April 2019

President’s Message

Dear Compatriots,

April was a significant month in the history of the United States.  It was on April 19, 1775 that the Battles of Lexington and Concord occurred.  These are considered the first military engagements of the American Revolutionary War.  It’s possible that some of our chapter members may have a patriot ancestor who fought in these battles.  This was the onset of armed conflict between Britain and the Colonialists.  Ralph Waldo Emerson described the first shot fired by the Patriots at the North Bridge in Concord as the “shot heard around the world”.  As members of the Sons of the American Revolution organization we can look back on this event with great pride as our patriot ancestors led the way to establishing the greatest nation in the world with unparalleled freedoms and liberties. 

In patriotism,

R. Scott Whitman

Chapter Activities

Our speakers for our March dinner meeting were Rev. Gary Beard and his grandson Jordan Meier.  Gary portrayed George Washington and Jordan portrayed a younger George Washington.  “Young George” discussed his experiences as a surveyor and his involvement in the start of the French and Indian War.  In addition, “Old George” presented us with an exhibit of historical artifacts from the period.  Certificates of Appreciation from our chapter were presented to Gary and Jordan by Scott Whitman.

L to R: Gary Beard, Jordan Meier, Scott Whitman

Dinner Meeting Program 

Tuesday, April 16, 2019 – Mimi’s Cafe, Lake Forest

This month we will have representatives from the Ocean Institute in Dana Point to present “Tall Ships on Maritime History in The American Revolution.”  Their mission is “using the ocean as our classroom, we inspire children to learn”.  The Institute is located on the Dana Point Harbor and includes teaching labs, an oceanographic research vessel, and two tall ships: the brig Pilgrim, and the Spirit of Dana Point.
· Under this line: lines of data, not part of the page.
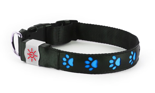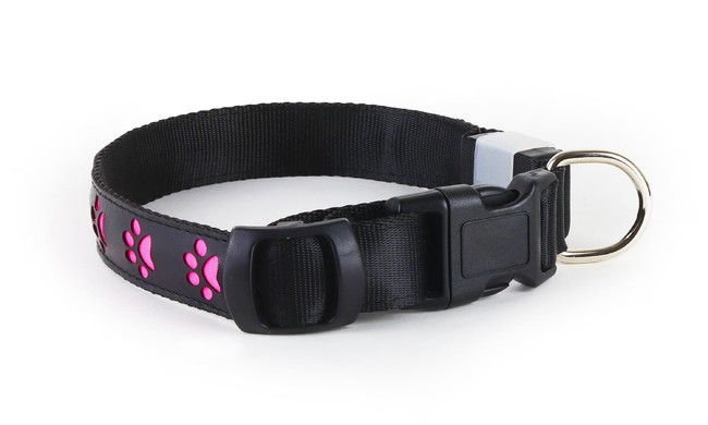 可愛いパウ柄が光る首輪。ブルーとピンクの目立ちやすいカラーが闇を照らします。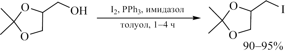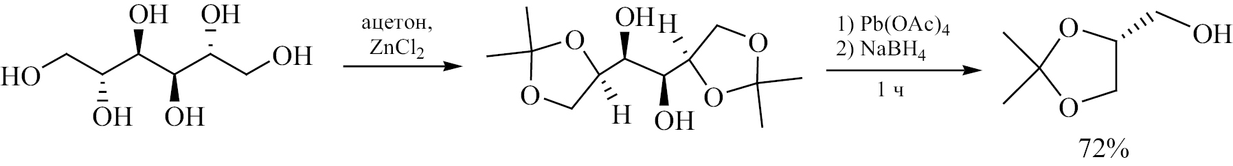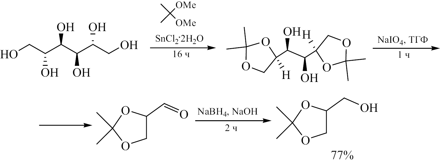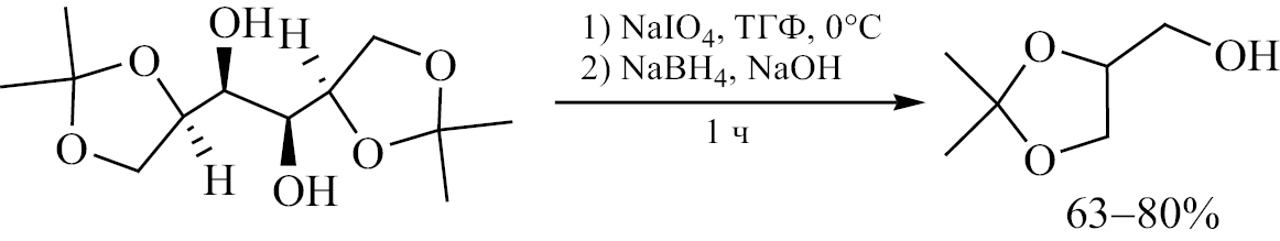 Окислительное расщепление 1,2:5,6-бис-О-(1-метилэтилиден)-D-маннитола периодатом натрия и последующее восстановление промежуточного альдегида боргидридом натрия приводят к образованию 2,2-диметил-4-оксиметил-1,3-диоксолана с выходом 63–80% (схема 17) [68, 69].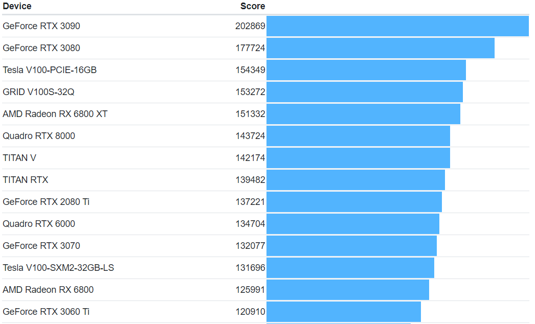Z wynikiem 169779 punktów OpenCL, Radeon RX 6900 XT jest o 12% szybszy niż RX 6800 XT i 35% szybszy niż RX 6800. Co ciekawe, RX 6900 XT ma 11% więcej procesorów strumieniowych niż RX 6800 XT i 33% więcej niż RX 6800, co po porównaniu z wynikami zapewnia ciekawe wnioski. Niestety ta karta AMD nadal przegrywa z NVIDIA Geforce RTX 3080 i RTX 3090, które są wydajniejsze o kolejno 4% i 19%.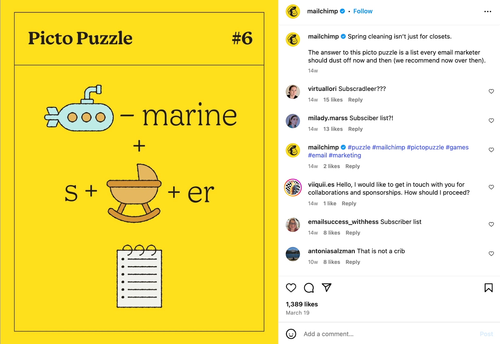Mailchimp’s Instagram posts are examples of their consistent designs. Their posts feature yellow, the brand color, prominently while fun messaging contributes to make their posts instantly recognizable.

Lexington and Concord – Minute Man National Historical Park

Was the “shot heard round the world” fired in Lexington or Concord?

The “shot heard round the world” is part of a line in “The Concord Hymn,” written in the 1830’s by writer / philosopher Ralph Waldo Emerson for the dedication of a monument at the site of Concord’s North Bridge.

“Here once the embattled farmers stood,
and fired the shot heard round the world.”

No one can dispute Lexington’s claim to the first shots, and sadly, the first colonial casualties of the Revolutionary War. However the “shot heard round the world” is not a reference to the first shot.

Emerson’s poem is definitely referring to the fighting at the North Bridge, where colonial militiamen were first ordered to fire on British soldiers, thus committing treason. Here also the first British soldiers were killed.

However, in a larger sense, was Emerson actually referring to a musket shot? Some argue that the true “shot heard round the world” is not a physical musket shot, but the ideals of liberty and self-determination.

It was for the defense of these ideals that people all over New England were roused into action against the British in April of 1775.

Ralph Waldo Emerson



April 19, 1836.

By the rude bridge that arched the flood,
⁠Their flag to April’s breeze unfurled,
Here once the embattled farmers stood,
⁠And fired the shot heard round the world.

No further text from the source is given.